Die Effektivität der endokrinen Chemoprävention stehe nicht infrage, erläuterte Prof. Dr. Andrea De Censi, National Hospital E.O. Ospedali Galliera, Genua.1 Ein Problem im klinischen Alltag sei die ungenügende Umsetzung. Insgesamt erhielten nur etwa ein Viertel der infrage kommenden Personen und etwa 40 % derjenigen mit duktalem Carcinom-in-situ (DCIS), dem stärksten Risikofaktor, eine Chemoprävention. Die Hauptgründe seien potenzielle Nebenwirkungen und dass bislang – trotz Halbierung des Risikos – kein positiver Effekt auf die Mortalität nachgewiesen wurde. Dies liege aber an der unzureichenden statistischen Power der Studien.

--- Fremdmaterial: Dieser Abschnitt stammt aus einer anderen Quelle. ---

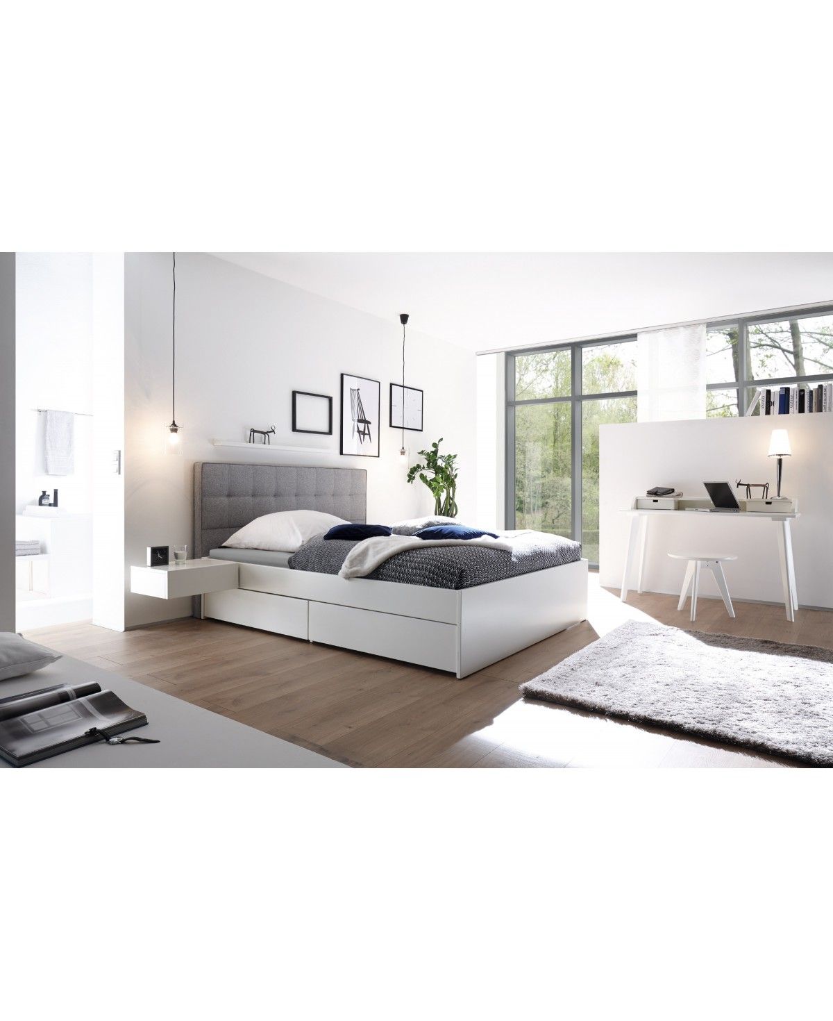 Modernes und elegantes Funtktionsbett Elito von Hasena in der Farbvariante weiß deckend lackiert und mit zwei geräumigen Schubladen auf jeder Seite. Die insgesamt vier Schubkästen schaffen viel Platz unter dem Bett und bieten auch in kleineren Schlafräumen einen echten Mehrwert um den kostbaren Platz sinnvoll nutzen zu können.

PRO: Mehr Dosis bringt keinen Vorteil
Eine Option, die Akzeptanz der endokrinen Chemoprävention zu erhöhen, sieht Prof. De Censi darin, niedrigere Konzentrationen einzusetzen. Das Problem: Die Dosierung von zielgerichteten Substanzen basiere auf einem veralteten Modell aus der Zeit der Chemotherapie und sei darauf ausgerichtet, die maximal tolerable Dosierung zu ermitteln. Zielgerichte Therapien wirken jedoch über ein Target: Mehr Dosis bedeute nicht zwingend mehr Wirkung, aber in der Regel mehr Toxizität, sagte der Experte.

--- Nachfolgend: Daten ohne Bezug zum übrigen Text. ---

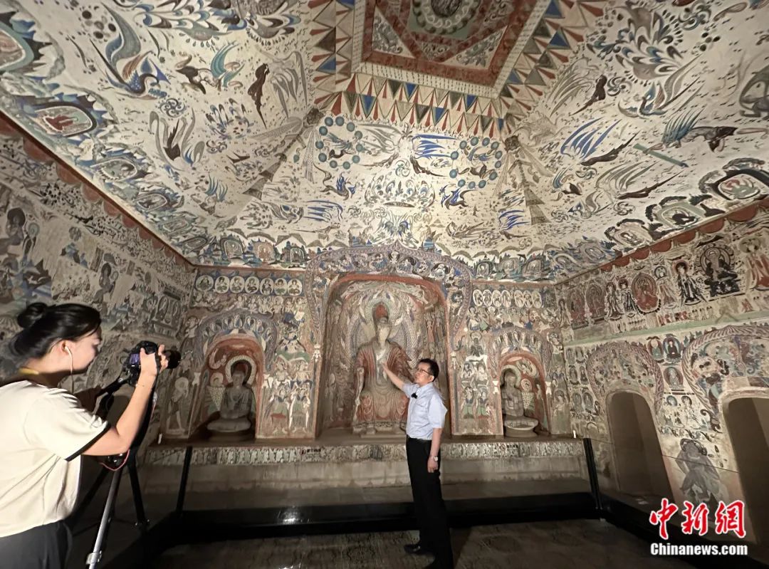 2023年7月,敦煌研究院副院長張元林在敦煌莫高窟第285窟原大復制窟內,接受中新社“東西問”獨家專訪。丁思 攝
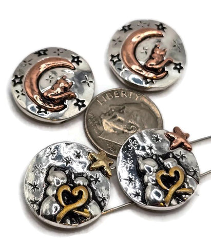 2 Hole Slider Beads (4 pcs) Cat Design for Crafting, Beading or Jewelry Making into Necklaces or Bracelets with Heart and Moons 713-N12
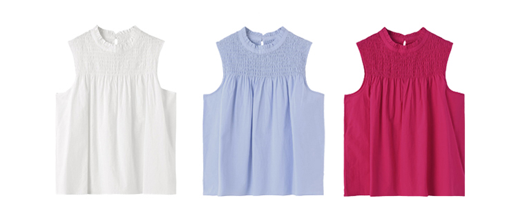 シャーリングゴムをデザインの主役にした、夏らしい質感のノースリーブブラウス。ずいぶん前に販売していたこのブラウスのサンプルを久しぶりに見て、今見てもやっぱり可愛い!と感じたので製作をした復刻デザインになります。
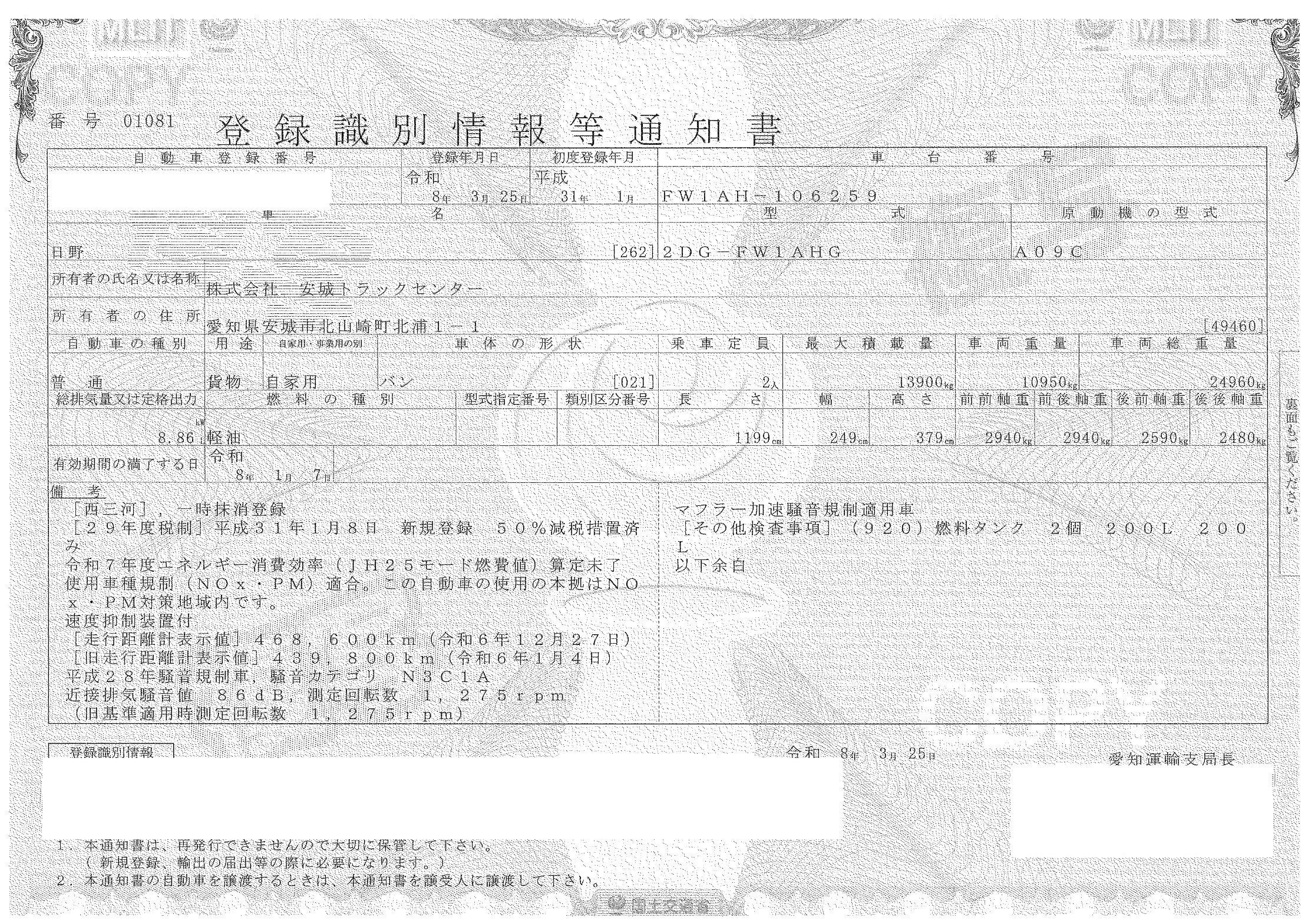 | 年式 | H31.1 |
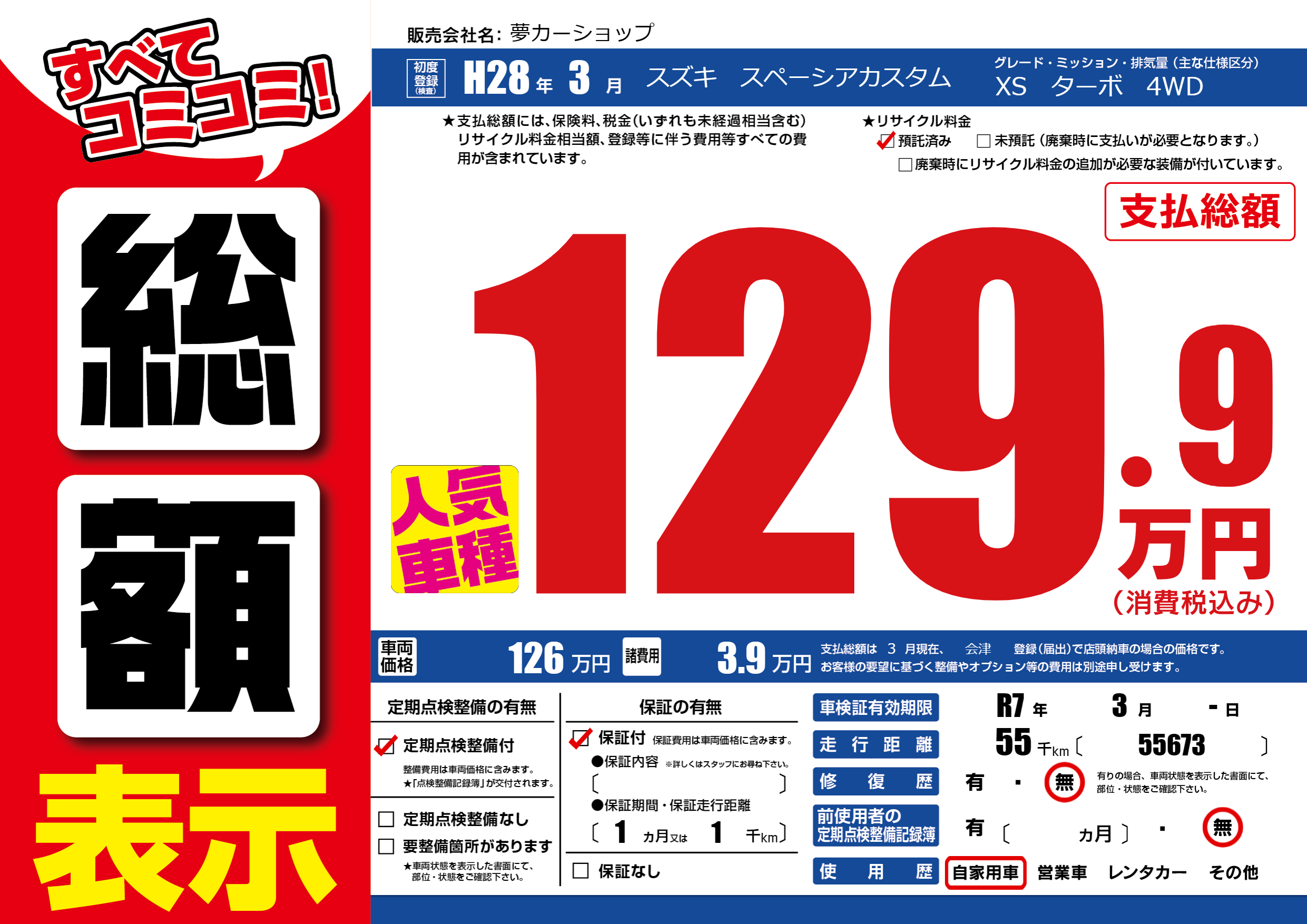 | 走行キロ | 5.5万km | 初年度登録 | H28年3月 |

Die minimal effektive präventive Dosis müsse anhand randomisierter Studien ermittelt werden. Für Tamoxifen wurde dieser Ansatz bereits vor etwa 20 Jahren angestoßen: Untersuchungen bei Hochrisikopersonen mit DCIS/Hochrisikoläsion (HRL) ergaben, dass 5 mg/Tag Tamoxifen über drei Jahre (sog. Baby-TAM) – möglicherweise auch noch niedrigere Dosen – den bisher eingesetzten 20mg/Tag nicht unterlegen sind. In der placebokontrollierten Phase-3-Studie TAM-01 beispielsweise war nach einer medianen Nachbeobachtungszeit von 5,1 Jahren eine relative Risikoreduktion für ein invasives Mammakarzinom um gut 50 % (HR 0,48; p = 0,024) und für einen kontralateralen Tumor um 76 % (HR 0,24; p = 0,018) zu beobachten. Die Verträglichkeit von Baby-TAM war gut. Die Adhärenz der Patient:innen lag auf Placeboniveau. Das Zehn-Jahres-Update von TAM-01 bestätigte einen „überzeugenden Carry-over-Effekt“, so Prof. De Censi, sehr konsistent auch in den Subgruppen, unter anderem für die DCIS-Patient:innen.
Mittlerweile empfehlen Autor:innen US-amerikanischer Leitlinien sowie die aktuelle St. Gallen-Konsensuskonferenz Baby-TAM als präventive Strategie für Hochrisikopersonen mit DCIS/HRL. Für Prof. De Censi sind die niedrigeren Dosierungen hier der neue Standard in der endokrinen Chemoprävention. Solche Studien laufen auch zu Aromatasehemmern.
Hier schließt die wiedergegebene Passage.